— REQUIREMENT —
Keep the pictures out and restate every record exactly.

— RECORDS PROVIDED —
------------------------
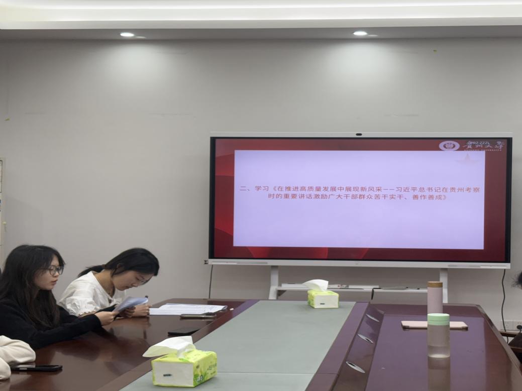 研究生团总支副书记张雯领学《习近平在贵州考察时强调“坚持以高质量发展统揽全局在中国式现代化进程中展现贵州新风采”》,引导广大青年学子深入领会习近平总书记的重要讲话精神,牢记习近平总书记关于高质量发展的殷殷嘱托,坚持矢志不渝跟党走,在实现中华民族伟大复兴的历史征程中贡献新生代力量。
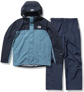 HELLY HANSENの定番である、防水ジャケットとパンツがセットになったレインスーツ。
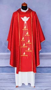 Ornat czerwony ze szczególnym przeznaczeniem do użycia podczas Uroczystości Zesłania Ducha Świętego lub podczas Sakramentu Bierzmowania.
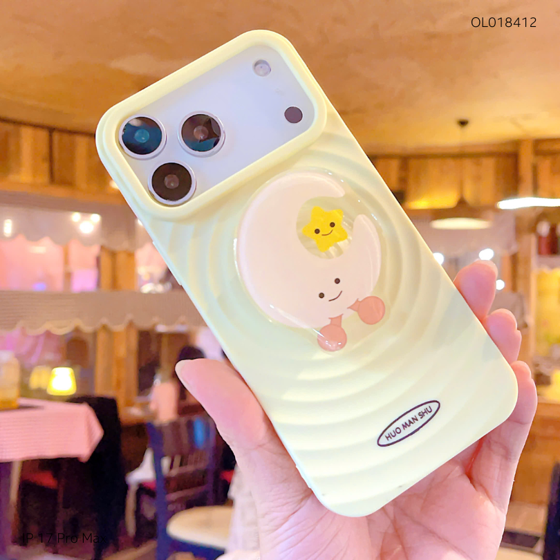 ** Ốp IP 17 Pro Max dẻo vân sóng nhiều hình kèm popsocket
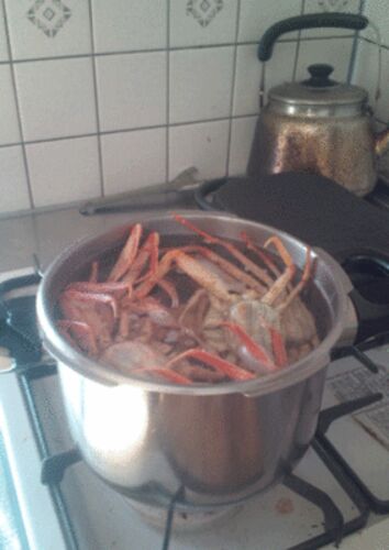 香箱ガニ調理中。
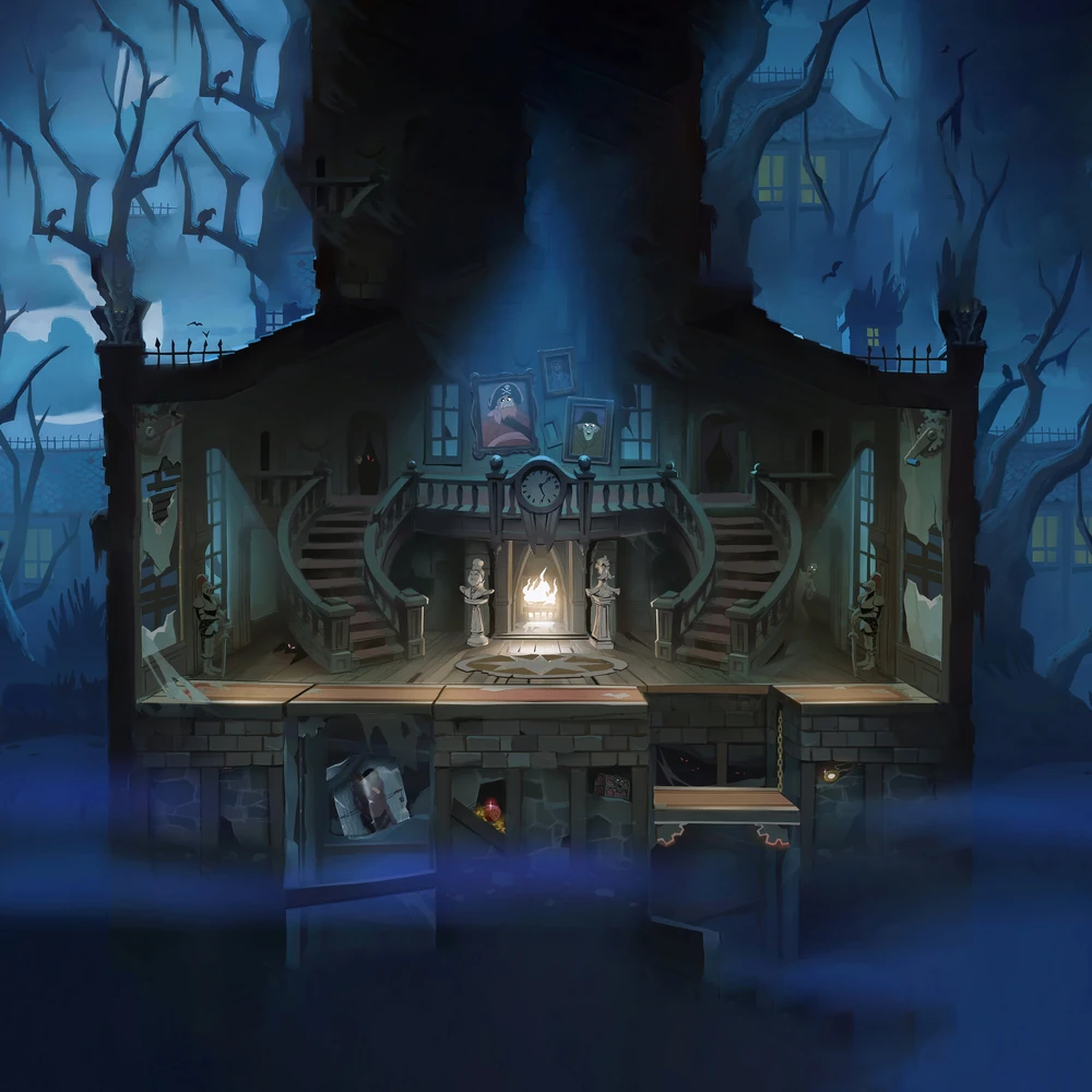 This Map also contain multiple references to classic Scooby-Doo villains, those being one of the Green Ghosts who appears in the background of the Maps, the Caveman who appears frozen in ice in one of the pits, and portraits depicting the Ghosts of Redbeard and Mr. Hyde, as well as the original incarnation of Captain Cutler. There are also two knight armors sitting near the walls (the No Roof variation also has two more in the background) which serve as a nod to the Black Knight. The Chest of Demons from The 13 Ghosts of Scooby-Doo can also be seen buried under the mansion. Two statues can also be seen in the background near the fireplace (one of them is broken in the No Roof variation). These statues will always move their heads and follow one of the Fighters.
------------------------
— ANSWER FOR THE TASK —
 研究生团总支副书记张雯领学《习近平在贵州考察时强调“坚持以高质量发展统揽全局在中国式现代化进程中展现贵州新风采”》,引导广大青年学子深入领会习近平总书记的重要讲话精神,牢记习近平总书记关于高质量发展的殷殷嘱托,坚持矢志不渝跟党走,在实现中华民族伟大复兴的历史征程中贡献新生代力量。
 HELLY HANSENの定番である、防水ジャケットとパンツがセットになったレインスーツ。
 Ornat czerwony ze szczególnym przeznaczeniem do użycia podczas Uroczystości Zesłania Ducha Świętego lub podczas Sakramentu Bierzmowania.
 ** Ốp IP 17 Pro Max dẻo vân sóng nhiều hình kèm popsocket
 香箱ガニ調理中。
 This Map also contain multiple references to classic Scooby-Doo villains, those being one of the Green Ghosts who appears in the background of the Maps, the Caveman who appears frozen in ice in one of the pits, and portraits depicting the Ghosts of Redbeard and Mr. Hyde, as well as the original incarnation of Captain Cutler. There are also two knight armors sitting near the walls (the No Roof variation also has two more in the background) which serve as a nod to the Black Knight. The Chest of Demons from The 13 Ghosts of Scooby-Doo can also be seen buried under the mansion. Two statues can also be seen in the background near the fireplace (one of them is broken in the No Roof variation). These statues will always move their heads and follow one of the Fighters.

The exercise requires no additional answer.